We are concerned that this new Human Security training may have the effect, over time, of turning the erstwhile "peace through justice" focus of UPeace in the direction of "peace through security" - a theme more in keeping with developing but ultimately misguided "anti-terrorism" and "Arc of Instability" (Pentagon) doctrines, which UPeace should be serving as a principled counter-balance to, not a junior partner!
Finally, we believe that all these things need and deserve to be openly discussed! This is evidently shocking to University management, who've lately had so gentle a personality as Gerardo Budowski incensed at the way these programs have simply been "dumped on the heads" (his words) of the community.
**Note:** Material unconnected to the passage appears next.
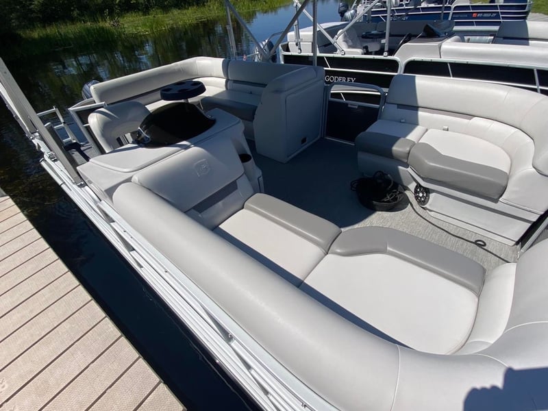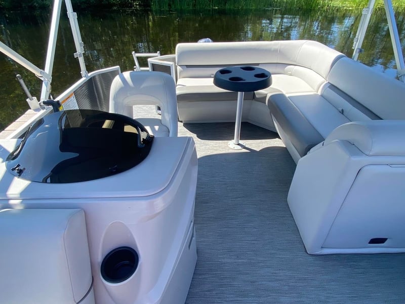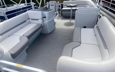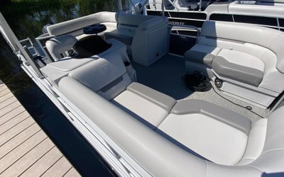 Rent a 19-foot pontoon boat for relaxed cruising with family or friends. Get a quick orientation before you launch and enjoy included safety gear.
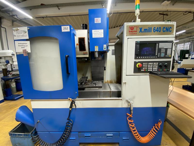 Pos. 252: 1 CNC-Vertikal-Bearbeitungszentrum KNUTH X.mill 640 CNC, Bj. 2014, Ser.-Nr. 158605, Steuerung, Fabr. Siemens, Typ SINUMERIK 828D, NC-Teilapparat (4. Achse), Aufspanntisch 750 x 360 mm, Verfahrweg X/Y/Z 640 x 400 x 500 mm, Drehzahl max. 8.000 U/min, Werkzeugwechsler 16-fach, Werkzeugaufnahme BT 40, HD-Schraubstock, Kühlmitteleinrichtung, Späneförderer, Schaltschrank, Werkbank mit Schraubstock, B/T/H 1.400 x 600 x 1.000 mm, 2 Auszüge, 2 Türelemente, Schubladenschrank, 3 Schubladen, Klapptür, Fabr. Bedrunka + Hirth, B/T/H 800 x 900 x 1.200 mm, Inhalt: ca. 30 Werkzeugaufnahmen BT40, 1 Posten Fräswerkzeuge, Dreibackenfutter, 1 Posten Spannzangen

The fact that this new training is going to be snuck onto campus during the Summer months, initially, should not lessen the need to discuss its impact upon the University's direction, reputation and potential. Before approaching "counter-espionage," drugs and arms-interdiction, and anti-terrorism training - which probably belong better at places like WHISC (the renamed School of the Americas program) or resemble ILEA (one wonders if there is not already a solid, behind-the-scenes connection) [see related article] - would it not make more sense for the University to develop unexplored potential with coursework regarding constructive alternatives to the more than one trillion dollars per year currently spent globally on armaments and militaries; or on making the MDG Goals a reality; or on NGO sector management; or UN system strengthening and reform; creative new K-college "Culture of Peace" educational models, enhanced global ethics, etc, etc?
UPeace is still the UN's only degree-granting institution of higher learning, yet we have found that it remains relatively opaque, with little respect for public inclusion, or respectful debate or concensus-building in line with its own founding documents. It is absolutely lousy re: "walking the walk" versus "talking the talk," when it comes to "conflict resolution." It is hard to wipe the smile off one's face, to consider that they are seriously proposing to teach the rest of the world how to peacefully resolve conflicts; and major ones, at that. Carumba!!!
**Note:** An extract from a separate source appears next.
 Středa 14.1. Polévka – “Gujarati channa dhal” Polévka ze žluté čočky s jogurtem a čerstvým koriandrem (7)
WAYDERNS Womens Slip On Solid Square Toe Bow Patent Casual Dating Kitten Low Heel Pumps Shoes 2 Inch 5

As you may also be aware: RFPI remains without compensation for seized property; Bill White remains without apology or compensation for an apparant attempt to turn his property donation into a private club; I remain without apology for being frozen out of the University merely for writing an email message raising disturbing points that had come to my attention, to Sr. Carazo.
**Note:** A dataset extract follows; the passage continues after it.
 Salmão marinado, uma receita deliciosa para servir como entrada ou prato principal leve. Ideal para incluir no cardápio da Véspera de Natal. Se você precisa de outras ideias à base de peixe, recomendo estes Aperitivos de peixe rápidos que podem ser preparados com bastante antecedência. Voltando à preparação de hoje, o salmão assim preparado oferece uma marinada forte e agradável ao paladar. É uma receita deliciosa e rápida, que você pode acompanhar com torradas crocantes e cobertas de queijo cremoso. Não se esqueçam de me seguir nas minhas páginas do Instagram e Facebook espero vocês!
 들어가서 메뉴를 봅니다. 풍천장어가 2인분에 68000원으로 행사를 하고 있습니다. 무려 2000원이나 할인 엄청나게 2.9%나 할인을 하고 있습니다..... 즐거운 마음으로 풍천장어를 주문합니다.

The uppermost management of UPeace still seems to live by the George Bush adage, "You're either with us, or you're against us!" They are guilty of recent, unaddressed injustices. They are holding the door open to a new paramilitary training program, without allowing proper investigation or public debate.
Among other things, we believe that the walls between the institution and its surrounding public, must come down. Shouldn't the University's management feel some responsibility to invite in not only the general public; but also, informed critics, to discuss such issues in a respectful manner? If not, what does this say about the University's ability to fulfill its own Mission Statement; of being experts in conflict resolution, of "promoting among all human beings the spirit of understanding, tolerance and peaceful co-existence," of "stimulating cooperation among peoples," while "helping to lessen obstacles and threats to world peace and progress, in keeping with the noble aspirations proclaimed in the Charter of the United Nations"?
I hope and pray that the two of you will see at least some merit to these arguments and, as the school's respected co-Founders, perhaps find some appropriate way to be heard on these issues.